▶ Problem description
Below are entries; tally how many lines hold the string "life" and answer with only that figure.

(Data for this task Opens)

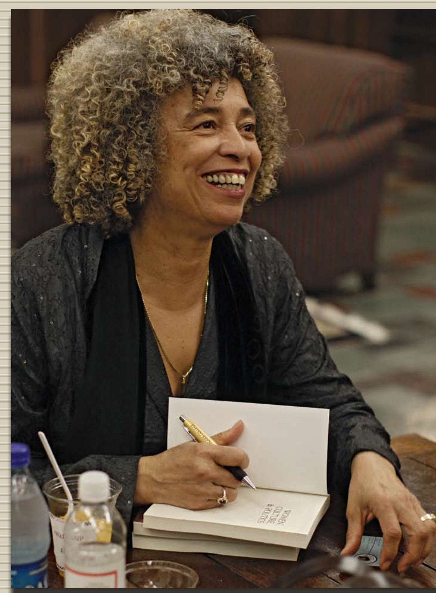
Dr. Angela Davis - keynote speaker, ACS 8th biennial Women's and Gender Studies Conference
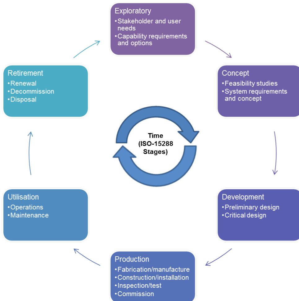
Figure 2: Asset life-cycle phases of ISO/IEC 15288-2008

Various asset or systems life-cycle models have been published which may provide guidance for this purpose, such as the diagram below, which is in accordance with ISO/IEC 15288.
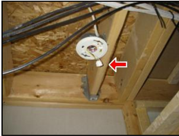
5.6 Picture 1

5.6 (1) Smoke detector missing in the basement. Smoke detectors are required on each level of the home.
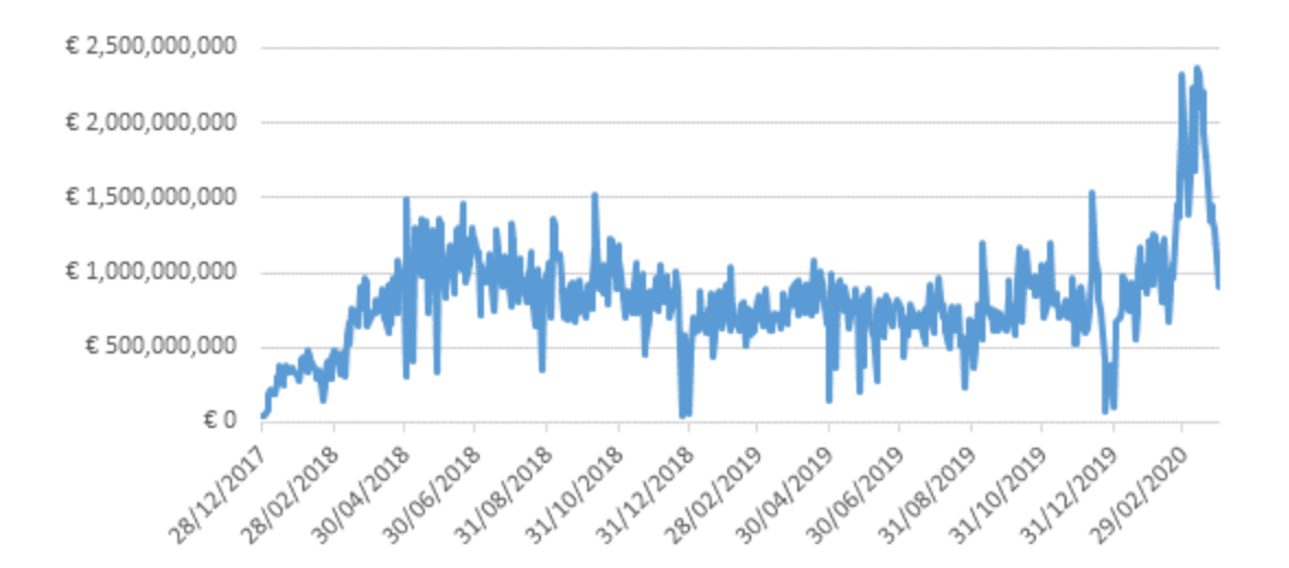
Chart A: Average Daily Value Traded in Choe Europe Periodic Auctions

actually exceeding this threshold, reflecting the value that this offering has provided to market participants that trade European equities.
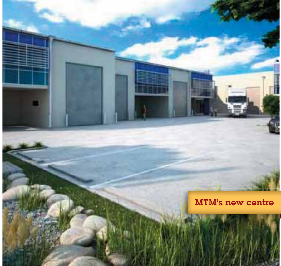
MTM's new centre

Phone: 07 3876 8710 Address: 5a 1 Swann Rd Taringa Queensland Australia 4068 Website: www.mtmaustralia.org.au
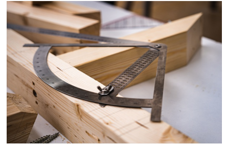
With marking holes
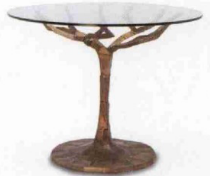
MADE GOODS "CLIVE" TABLE ($4,200/MECOX)
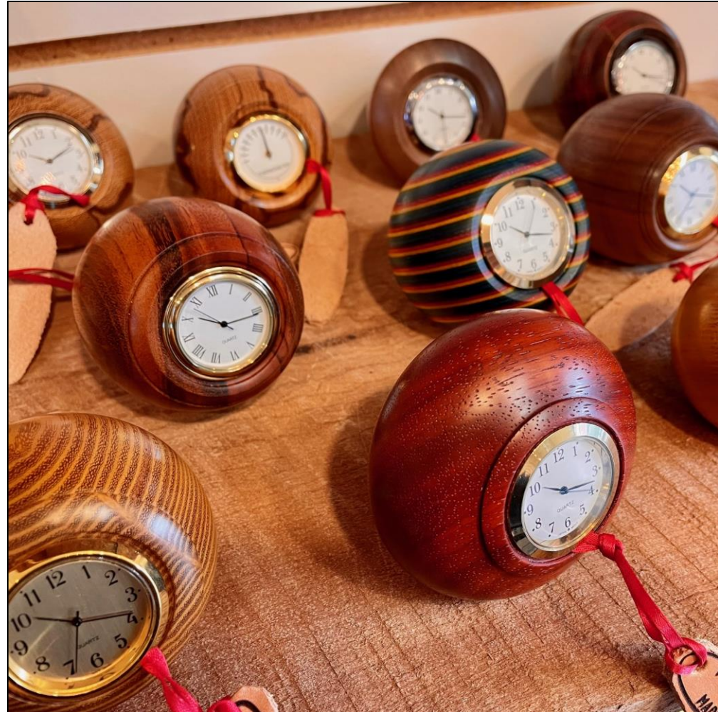
Right – Samples of Paul's desk clocks

(Data for this task Closes)

▶ Reply
2